## TASK:
Each record is to be printed again exactly, though not its pictures.

Start of TASK DATA

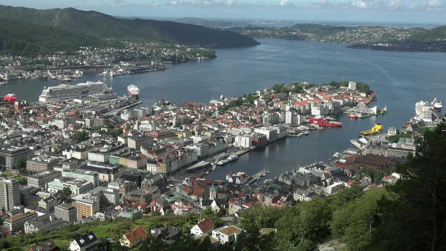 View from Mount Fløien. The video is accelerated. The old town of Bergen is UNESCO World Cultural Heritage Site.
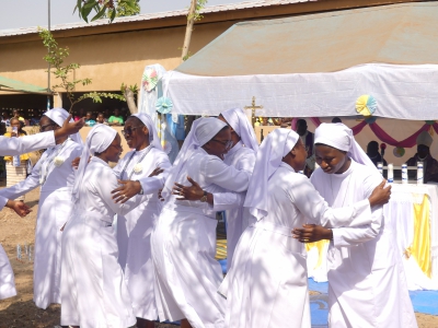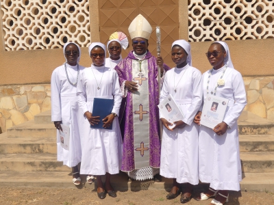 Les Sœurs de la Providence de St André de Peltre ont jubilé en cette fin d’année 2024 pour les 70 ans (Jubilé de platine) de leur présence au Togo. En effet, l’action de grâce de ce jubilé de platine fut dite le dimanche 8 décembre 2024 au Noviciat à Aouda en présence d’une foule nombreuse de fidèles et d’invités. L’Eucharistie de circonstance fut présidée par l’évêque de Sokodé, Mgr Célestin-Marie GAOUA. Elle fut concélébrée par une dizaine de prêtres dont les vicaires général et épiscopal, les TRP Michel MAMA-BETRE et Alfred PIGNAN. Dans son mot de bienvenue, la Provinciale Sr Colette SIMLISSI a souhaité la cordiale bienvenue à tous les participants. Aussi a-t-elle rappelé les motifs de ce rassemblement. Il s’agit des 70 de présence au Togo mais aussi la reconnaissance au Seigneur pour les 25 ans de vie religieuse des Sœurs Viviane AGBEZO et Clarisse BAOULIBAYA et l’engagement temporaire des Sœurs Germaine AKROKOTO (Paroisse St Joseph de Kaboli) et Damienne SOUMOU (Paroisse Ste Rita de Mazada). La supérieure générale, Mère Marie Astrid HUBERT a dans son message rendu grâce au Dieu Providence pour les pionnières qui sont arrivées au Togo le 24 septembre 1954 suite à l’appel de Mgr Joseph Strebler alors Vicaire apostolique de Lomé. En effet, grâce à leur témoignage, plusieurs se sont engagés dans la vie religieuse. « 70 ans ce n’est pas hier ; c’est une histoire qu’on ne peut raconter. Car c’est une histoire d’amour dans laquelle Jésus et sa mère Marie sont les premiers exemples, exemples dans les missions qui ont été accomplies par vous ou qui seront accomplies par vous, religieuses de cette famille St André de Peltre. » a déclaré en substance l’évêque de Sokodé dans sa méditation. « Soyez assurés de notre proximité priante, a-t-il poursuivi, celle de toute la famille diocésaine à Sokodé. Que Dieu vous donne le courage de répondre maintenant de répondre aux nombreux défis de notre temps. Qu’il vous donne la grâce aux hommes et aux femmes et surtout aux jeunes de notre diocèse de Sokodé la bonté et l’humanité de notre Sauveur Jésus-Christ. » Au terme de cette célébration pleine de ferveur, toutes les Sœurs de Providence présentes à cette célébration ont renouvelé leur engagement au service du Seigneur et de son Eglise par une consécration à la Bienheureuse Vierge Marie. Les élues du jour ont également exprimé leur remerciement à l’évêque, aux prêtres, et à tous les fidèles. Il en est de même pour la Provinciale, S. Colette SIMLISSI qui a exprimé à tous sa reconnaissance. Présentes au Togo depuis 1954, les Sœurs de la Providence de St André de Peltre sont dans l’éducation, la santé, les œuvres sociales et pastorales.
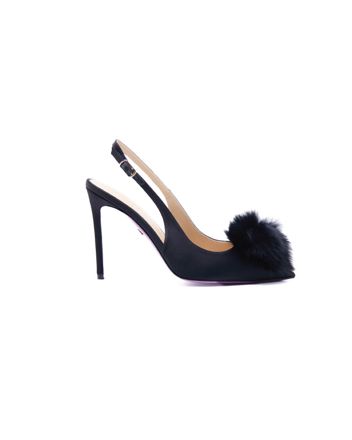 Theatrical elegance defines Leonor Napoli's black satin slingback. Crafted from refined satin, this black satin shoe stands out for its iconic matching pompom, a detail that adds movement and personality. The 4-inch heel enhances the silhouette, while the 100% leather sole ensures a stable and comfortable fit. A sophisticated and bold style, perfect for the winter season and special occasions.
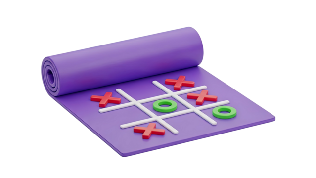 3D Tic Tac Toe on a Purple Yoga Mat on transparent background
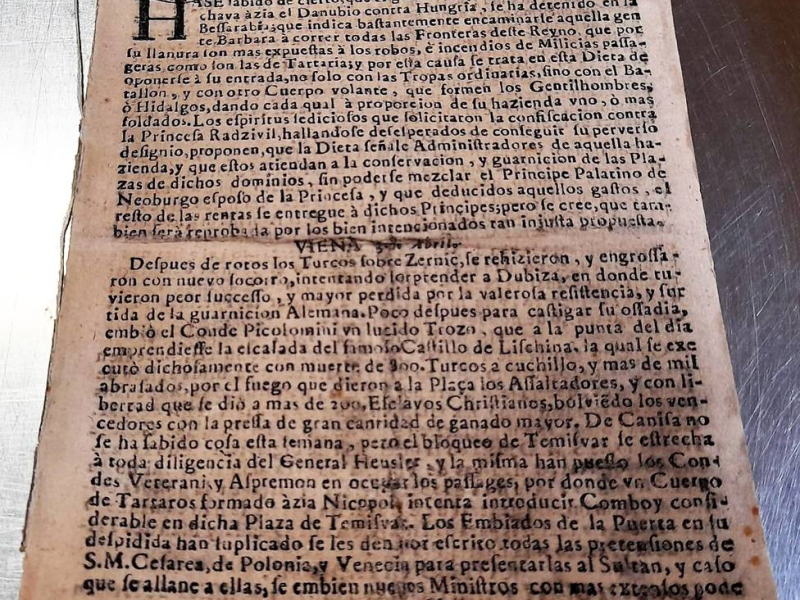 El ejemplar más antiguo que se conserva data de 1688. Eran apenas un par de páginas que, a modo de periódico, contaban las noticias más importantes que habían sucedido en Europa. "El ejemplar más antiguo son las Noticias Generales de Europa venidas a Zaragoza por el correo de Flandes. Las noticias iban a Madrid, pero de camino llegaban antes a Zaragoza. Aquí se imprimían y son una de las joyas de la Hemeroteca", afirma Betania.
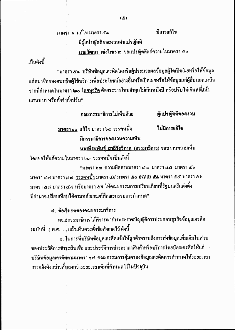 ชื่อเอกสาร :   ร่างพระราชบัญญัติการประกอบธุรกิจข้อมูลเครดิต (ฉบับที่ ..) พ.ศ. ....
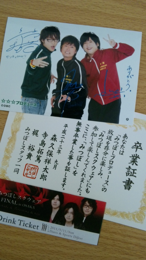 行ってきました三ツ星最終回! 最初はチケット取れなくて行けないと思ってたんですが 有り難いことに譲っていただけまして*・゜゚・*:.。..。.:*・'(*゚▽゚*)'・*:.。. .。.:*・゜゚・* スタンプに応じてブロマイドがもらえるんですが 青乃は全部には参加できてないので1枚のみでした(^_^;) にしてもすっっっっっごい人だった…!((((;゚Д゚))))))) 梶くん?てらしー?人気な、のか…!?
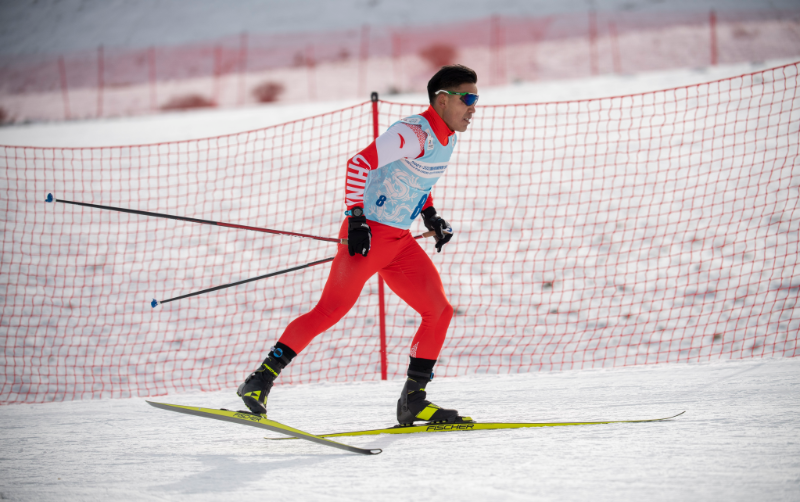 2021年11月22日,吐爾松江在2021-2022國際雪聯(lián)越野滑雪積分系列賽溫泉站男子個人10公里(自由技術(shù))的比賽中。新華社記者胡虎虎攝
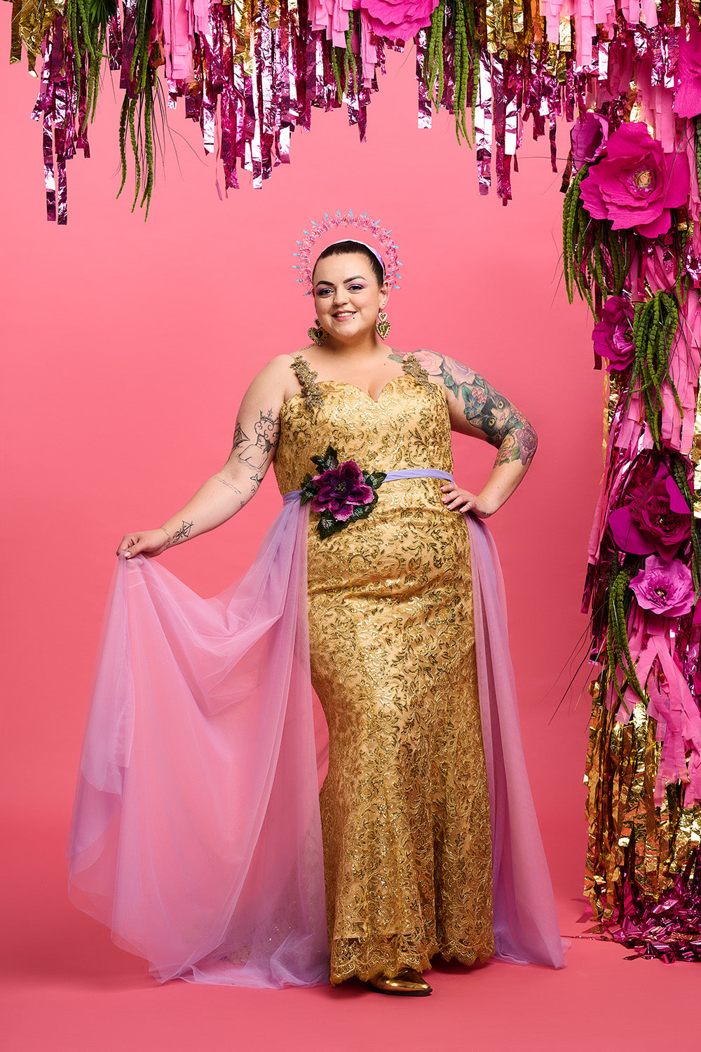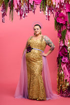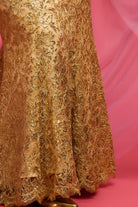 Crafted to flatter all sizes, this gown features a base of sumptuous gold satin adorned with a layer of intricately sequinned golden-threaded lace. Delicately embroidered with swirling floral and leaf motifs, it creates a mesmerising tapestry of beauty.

End of TASK DATA

## SOLVED EXERCISE:
 View from Mount Fløien. The video is accelerated. The old town of Bergen is UNESCO World Cultural Heritage Site.
 Les Sœurs de la Providence de St André de Peltre ont jubilé en cette fin d’année 2024 pour les 70 ans (Jubilé de platine) de leur présence au Togo. En effet, l’action de grâce de ce jubilé de platine fut dite le dimanche 8 décembre 2024 au Noviciat à Aouda en présence d’une foule nombreuse de fidèles et d’invités. L’Eucharistie de circonstance fut présidée par l’évêque de Sokodé, Mgr Célestin-Marie GAOUA. Elle fut concélébrée par une dizaine de prêtres dont les vicaires général et épiscopal, les TRP Michel MAMA-BETRE et Alfred PIGNAN. Dans son mot de bienvenue, la Provinciale Sr Colette SIMLISSI a souhaité la cordiale bienvenue à tous les participants. Aussi a-t-elle rappelé les motifs de ce rassemblement. Il s’agit des 70 de présence au Togo mais aussi la reconnaissance au Seigneur pour les 25 ans de vie religieuse des Sœurs Viviane AGBEZO et Clarisse BAOULIBAYA et l’engagement temporaire des Sœurs Germaine AKROKOTO (Paroisse St Joseph de Kaboli) et Damienne SOUMOU (Paroisse Ste Rita de Mazada). La supérieure générale, Mère Marie Astrid HUBERT a dans son message rendu grâce au Dieu Providence pour les pionnières qui sont arrivées au Togo le 24 septembre 1954 suite à l’appel de Mgr Joseph Strebler alors Vicaire apostolique de Lomé. En effet, grâce à leur témoignage, plusieurs se sont engagés dans la vie religieuse. « 70 ans ce n’est pas hier ; c’est une histoire qu’on ne peut raconter. Car c’est une histoire d’amour dans laquelle Jésus et sa mère Marie sont les premiers exemples, exemples dans les missions qui ont été accomplies par vous ou qui seront accomplies par vous, religieuses de cette famille St André de Peltre. » a déclaré en substance l’évêque de Sokodé dans sa méditation. « Soyez assurés de notre proximité priante, a-t-il poursuivi, celle de toute la famille diocésaine à Sokodé. Que Dieu vous donne le courage de répondre maintenant de répondre aux nombreux défis de notre temps. Qu’il vous donne la grâce aux hommes et aux femmes et surtout aux jeunes de notre diocèse de Sokodé la bonté et l’humanité de notre Sauveur Jésus-Christ. » Au terme de cette célébration pleine de ferveur, toutes les Sœurs de Providence présentes à cette célébration ont renouvelé leur engagement au service du Seigneur et de son Eglise par une consécration à la Bienheureuse Vierge Marie. Les élues du jour ont également exprimé leur remerciement à l’évêque, aux prêtres, et à tous les fidèles. Il en est de même pour la Provinciale, S. Colette SIMLISSI qui a exprimé à tous sa reconnaissance. Présentes au Togo depuis 1954, les Sœurs de la Providence de St André de Peltre sont dans l’éducation, la santé, les œuvres sociales et pastorales.
 Theatrical elegance defines Leonor Napoli's black satin slingback. Crafted from refined satin, this black satin shoe stands out for its iconic matching pompom, a detail that adds movement and personality. The 4-inch heel enhances the silhouette, while the 100% leather sole ensures a stable and comfortable fit. A sophisticated and bold style, perfect for the winter season and special occasions.
 3D Tic Tac Toe on a Purple Yoga Mat on transparent background
 El ejemplar más antiguo que se conserva data de 1688. Eran apenas un par de páginas que, a modo de periódico, contaban las noticias más importantes que habían sucedido en Europa. "El ejemplar más antiguo son las Noticias Generales de Europa venidas a Zaragoza por el correo de Flandes. Las noticias iban a Madrid, pero de camino llegaban antes a Zaragoza. Aquí se imprimían y son una de las joyas de la Hemeroteca", afirma Betania.
 ชื่อเอกสาร :   ร่างพระราชบัญญัติการประกอบธุรกิจข้อมูลเครดิต (ฉบับที่ ..) พ.ศ. ....
 行ってきました三ツ星最終回! 最初はチケット取れなくて行けないと思ってたんですが 有り難いことに譲っていただけまして*・゜゚・*:.。..。.:*・'(*゚▽゚*)'・*:.。. .。.:*・゜゚・* スタンプに応じてブロマイドがもらえるんですが 青乃は全部には参加できてないので1枚のみでした(^_^;) にしてもすっっっっっごい人だった…!((((;゚Д゚))))))) 梶くん?てらしー?人気な、のか…!?
 2021年11月22日,吐爾松江在2021-2022國際雪聯(lián)越野滑雪積分系列賽溫泉站男子個人10公里(自由技術(shù))的比賽中。新華社記者胡虎虎攝
 Crafted to flatter all sizes, this gown features a base of sumptuous gold satin adorned with a layer of intricately sequinned golden-threaded lace. Delicately embroidered with swirling floral and leaf motifs, it creates a mesmerising tapestry of beauty.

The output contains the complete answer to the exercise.